In Kenosha, a small town in the impoverished "rust belt," the joint action of extreme right-wing armed gangs and the police to suppress the protests against the attack on Blake ended with the murder of two demonstrators. Kyle Rittenhouse, the shooter, is a young Trump supporter who is seen on video getting lost behind police lines with his assault rifle.

Days later in Portland, a caravan of Trump supporters clashed with a protest against police violence. In a confusing situation, a militant of the extreme right-wing organization Patriot Prayer, which supports the re-election of the president, was killed. These radicalized right-wing groups, which include white supremacists and nativists like the Proud Boys or the Q'Anon supporters, among others relieved by the Center for Analysis of the Radical Right, are developing independently of the Republican Party but are fervent supporters of Trump.

The president rewarded them for their support both from their Twitter account and in real life. In an act that can only be read as a political provocation, he traveled to Wisconsin, indicating the actions of the police, the National Guard, and the armed "vigilantes" who supposedly acted in "self-defense.
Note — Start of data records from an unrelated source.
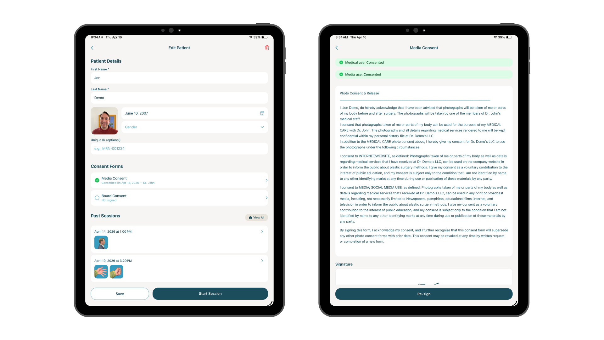 - Streamlined workflow — Consent happens in the exam room, in the same app, at the same moment as photo capture. No separate step, no extra friction.
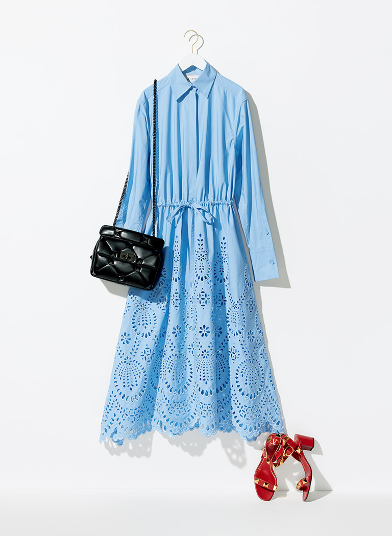 色は上品なライトブルー。爽やかさをまるごとデザインしたかのようなこのドレスは、ヴァレンティノのプレフォールコレクションから。シャツ部分のフロントはフォーマルな印象の比翼仕立てですっきりと仕上げ、ウェストにはカジュアルなドローストリング。
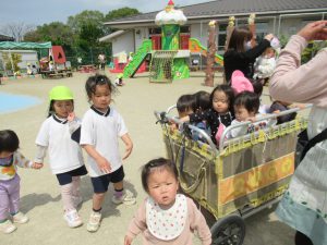 4月から入園したお友だちはまだ慣らし保育期間中でまだ寂しさいっぱいの様子ですが、散歩をしたり、お外で遊んだりして過ごしています。
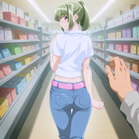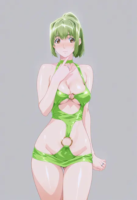 Trigger word: murohka saya, green hair, ponytail, brown eyes
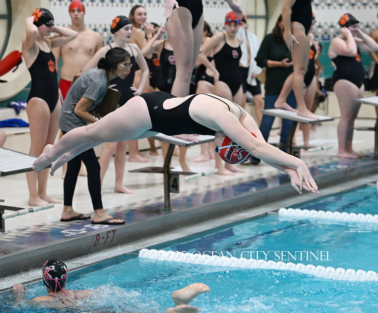 The Ocean City High School girls downed Oakcrest Jan. 12 on the road and then beat Middle Township 121-49 Friday, Jan. 16, at the Cape May County Special Services District School pool.
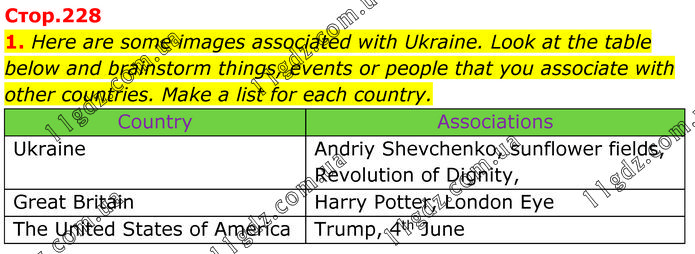 Here are some images associated with Ukraine. Look at the table below and brainstorm things, events or people that you associate with other countries. Make a list for each country.

The Democrats and "liberal" media use the "fascist danger" to unite their electoral base through the fright behind Joe Biden's "center-left" candidacy. Star Democratic leftist congresswoman Alexandra Ocasio Cortez used the minute she was given by the establishment at the Convention to argue that the November election should "stop fascism in America. There is no doubt that fascist tendencies, expressed in racism and hate crimes, are incubating in society. But as sociologist Dylan Riley explains in a New Left Review editorial published at the beginning of Trump's presidency, the conditions do not exist today for the development of classical fascism: inter-imperialist war and socialist revolution (triumphant in Russia and defeated in the West). Riley prefers to use the Weberian category of Bonapartist "patrimonialism" where the key is loyalty. In a similar sense, in a recent book on the American right-wing, the authors define the Trump phenomenon as a "plutocratic populism", a product of the inequality and concentration of wealth that has been developing since the 1980s. And they say that the polarization has been asymmetrical, with the Republican party turning much more to the right than the Democrats to the left.

Political polarization and organic crisis tendencies are producing new political phenomena on the margins. The radicalized right is today contained in the Republican Party in its Trumpist version. The Democratic Party may impose itself electorally as the lesser evil but it does not cover the whole spectrum on its left. To the existence of the DSA (Democratic Socialists of America), a social democratic party that attracted some 70,000 young people to its ranks, one must add the constitution of a new populist party (Movement for a People's Party), a sort of "flag-waving sanders. These new political phenomena are subsidiary to the Democratic Party and have as their strategy the "accumulation" within the imperialist bourgeois-democratic regime to achieve some reforms. The perspectives of the radicalization of the class struggle, and the warning signal of the extreme right, reaffirm the need to set up a revolutionary socialist party. In that fight are the comrades who are promoting Left Voice.